Italy’s populist developments after the September vote
The 5SM has now won a key battle against the establishment while being an active member of it. The League has also gained.
Italy’s electoral comeback after the Covid-19 lockdown was not just impressive because of strict social distancing measures. On 20 and 21 September Italians went to the polls to vote in seven regional ballots, some of which also coincided with mayoral races. On the national level, a constitutional referendum which was planned for March 2020 was postponed and moved to the same dates to reduce chances of contagion.
53,84% of eligible voters cast their ballot, at least averting what had been predicted by commentators as a potential far-right wave. The centre-left Democratic Party, currently in a coalition with the populist Five Star Movement, managed to confirm its hold on Campania and Puglia. As the exit polls poured in, the centre-left sighed in relief as traditionally red territories such as Tuscany and Emilia-Romagna remained untouched.
Sadly, the same cannot be said about Italy’s future when looking at the results of the constitutional referendum – as well as the broader outlook. With a resounding victory of around 70%, the yes vote approved a 2019 law passed by the Chamber of Deputies, but failed to obtain a two-third majority in the Senate. The number of representatives in each of the two Houses of Parliament will now fall by a little more than a third.
The success of the yes campaign, spearheaded by 5SM’s Luigi Di Maio and the League’s Matteo Salvini, is an example of how the pandemic has not necessarily crushed the appeal of populist stances. The speeches guiding the yes camp heavily relied on populist tenets such as people-centrism, the condemnation of elites, and the identification of the yes side with the true popular voice of Italy. In that logic, cuts in the number of representatives seem to have replaced any serious attempt at reforming a turgid system.
Italy’s MP numbers, in fact, was never the cause of legislative backlogs. In fact, for years constitutionalists have advocated for reforms of the electoral law and its so-called perfect bicameralism. This means that both chambers have identical powers and that the government relies on the confidence of both. If the government does not have as strong a parliamentary majority in the Senate as in the Chamber of Deputies, a law is sent back and forth between them until a final draft is approved.
The reduction in representatives only puts the burden of this arrangement on fewer shoulders. For example, a law to give children born out of wedlock the same rights as children of married couples took nearly 1,300 days to be approved. With fewer MPs, the conditions allowing such delays will still exist, if not worsen. Moreover, due to years of hit-and-run electoral reforms by several executives, a solid electoral majority never existed. Italy’s 68 governments in 73 years bear witness to deep structural issues, hardly addressed by the recent constitutional decision.

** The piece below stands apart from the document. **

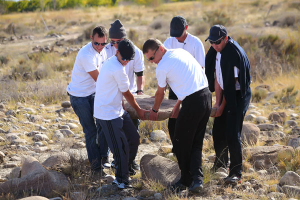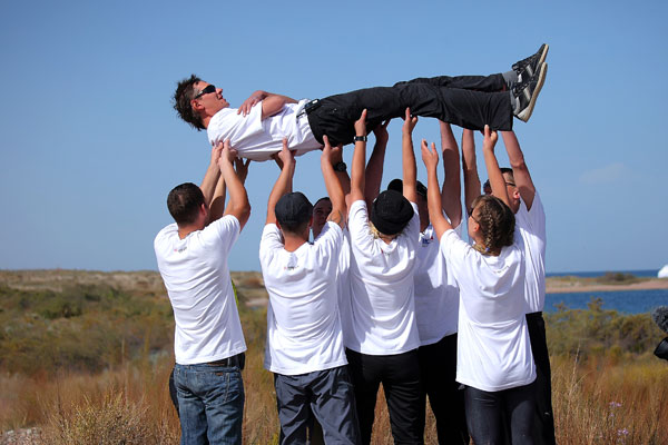 Pendant les pauses les nouveaux maçons ont fait avec le psychologue quelques exercices pour développer la cohésion du groupe, la confiance en soi et l’assurance.

Analyses by think tanks and media show that the cuts curtail minority representation for little economic saving, creating disparities between regions on a population basis. The foreseen reduction in the number of MPs elected by a rising number of foreign citizens is one clear case of ill-conceived parliamentary redesign. More specifically, there is little awareness of the tyranny of the majority embodied in this half-thought-through reform: yet it continues to defend its own potential for improvement, based on weak demographic premises.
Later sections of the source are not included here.